Total estimated inflows to long-term
mutual funds were $4.57 billion for the week ended Wednesday, October 21,
according to the Investment Company Institute (ICI). Bond funds continued in
positive territory with Taxable Bond attracting $2.7 billion and Municipal Bond
gathering $405 million. World Equity reversed outflows from the prior week with
nearly $1.6 billion in net inflows. Domestic Equity, however, remained in the
red with $70 million in net outflows, but this was a significant tapering from
the $1.4 billion shed during the previous week. Hybrid funds slipped back into
redemption mode with $60 million in net outflows.
Source: Investment Company Institute
Total estimated inflow to long-term
mutual funds were $1.00 billion for the week ended Wednesday, October 14,
according to the Investment Company Institute (ICI). For the first time since
July 22, bond funds attracted sales given that the Federal Reserve is not expected
to increase rates until 2016. Taxable Bond collected $1.8 billion, and Municipal
Bond attracted $617 million. Equity funds, on the other hand, fell back into
the red with Domestic Equity shedding $1.4 billion and World Equity posting $28
million in net outflows. Hybrid funds managed to reverse its outflows since
July 22 with $34 million in net inflows.
Source: Investment Company Institute
1) Bond ETFs Cross $500 Bln Mark for the First Time –BlackRock
Reuters | 10/16/2015
Because… A comparison of sales data between U.S.-listed bond mutual funds and bond ETFs can reveal how impressive the growth of bond ETFs is. During the 12-month period ending September, bond mutual funds (including both taxable and municipal funds) experienced net redemptions of $5.5 billion, whereas bond ETFs raked in $71.1 billion. Bond ETFs garnered $45.9 billion this year through September, compared with net flows of $2.3 billion into bond mutual funds. The gap is even more dramatic if we take assets into consideration as bond mutual funds held $3.2 trillion of assets as of end September, much larger than the $343.5 billion of assets in bond ETFs.

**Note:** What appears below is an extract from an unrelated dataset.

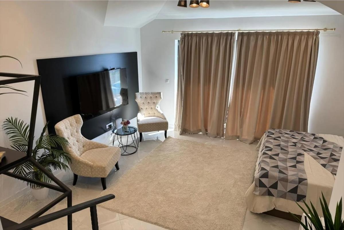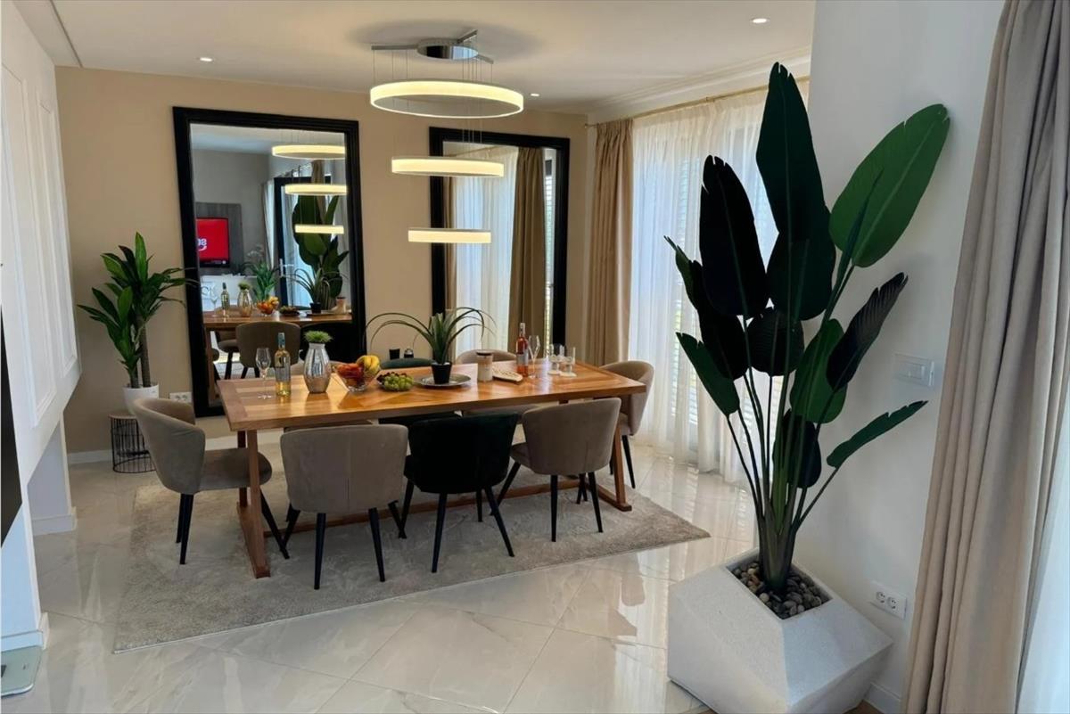 A villa három szinten helyezkedik el, és teljes egészében betonból készült, biztosítva a maximális szerkezeti szilárdságot és a hosszú távú tartósságot. a belső tér minden részletében a luxust és eleganciát tükrözi. Az open-plan nappali természetes fényben úszik a padlótól a mennyezetig érő üvegfalaknak köszönhetően, zökkenőmentesen összekapcsolva az étkező teret és a dizájn konyhát a kültéri terasszal és a lenyűgöző 50 m²-es úszómedencével. a lakóhely öt tágas hálószobát tartalmaz, mindegyik saját fürdőszobával, biztosítva a kényelmet és a magánéletet a család és a vendégek számára egyaránt.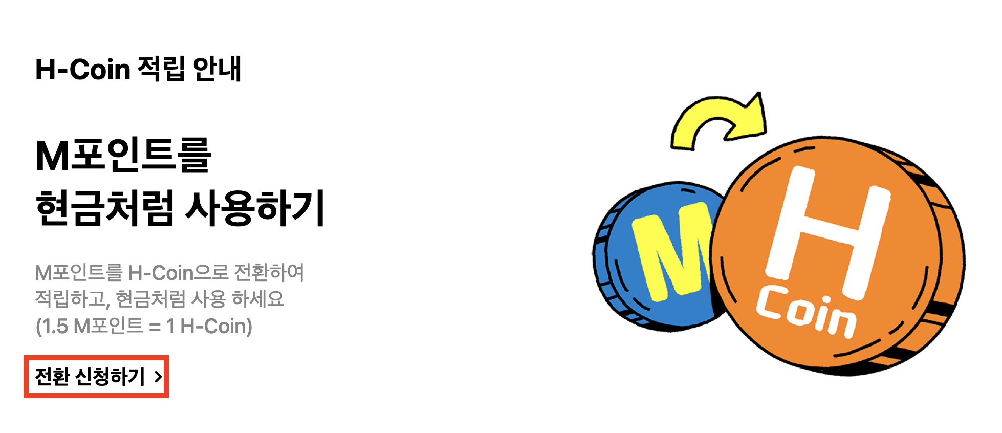 이때 비율은 1.5(포인트) = 1(h-coin)입니다.

2) TDFs Start to Go Global
Planadviser | 10/20/2015
Because… While the shift to a larger international stock and bond exposure is a logical step to take advantage of pricing inefficiency in foreign markets and enhance portfolio diversification, TDF providers should take the initiative to advise the potential impact on their funds. Investors would want to know if the change of the weighting would take on additional costs and risks, how TDF managers guard against risks without significantly raising expense ratios, and whether they could be overweight international markets if they have other international investments outside of the target-date solutions. Fund firms should address these concerns to maintain the comfort level of plan sponsors and participants.
3) Hedge Fund Assets Decline by Biggest Amount Since Financial Crisis
The New York Times | 10/20/2015
Because… The disappointing performance is one of the reasons for the largest outflows since the 2008 financial crisis. According to Preqin’s latest Hedge Fund Manager Outlook survey, 22% of 150 hedge fund managers admitted poor performance is the biggest challenge now. With sophisticated investment techniques, significantly higher minimum investments, and provisions such as lock-ups and gates to slow down investor withdrawals, hedge funds are expected to fare much better than traditional mutual funds in general. Their high expense ratios add another layer of dissatisfaction to shareholders. Hedge funds’ vulnerability could lead some investors to search liquid alternative mutual funds instead.